*Task goal*. These records contain pictures, which must be left out; copy exactly the lines from the one with "Y Celfyddydau Mynegiannol" up to and including the one with "Lothar laat de hanen los".

*Data for analysis*.
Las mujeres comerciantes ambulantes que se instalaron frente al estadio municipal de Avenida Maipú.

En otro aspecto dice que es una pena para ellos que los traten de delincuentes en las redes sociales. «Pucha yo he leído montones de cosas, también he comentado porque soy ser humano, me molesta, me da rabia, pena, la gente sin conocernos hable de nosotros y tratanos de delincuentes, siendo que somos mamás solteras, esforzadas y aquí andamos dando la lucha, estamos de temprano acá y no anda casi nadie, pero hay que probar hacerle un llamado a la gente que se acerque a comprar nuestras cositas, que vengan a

...

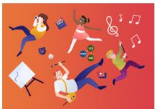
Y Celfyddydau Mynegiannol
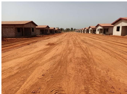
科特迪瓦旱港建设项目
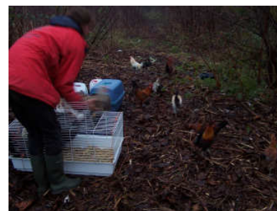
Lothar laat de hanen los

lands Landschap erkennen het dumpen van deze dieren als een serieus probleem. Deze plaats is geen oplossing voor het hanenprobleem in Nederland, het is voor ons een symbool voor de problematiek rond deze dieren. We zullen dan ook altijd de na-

*Answer to this problem*.
Y Celfyddydau Mynegiannol
科特迪瓦旱港建设项目
Lothar laat de hanen los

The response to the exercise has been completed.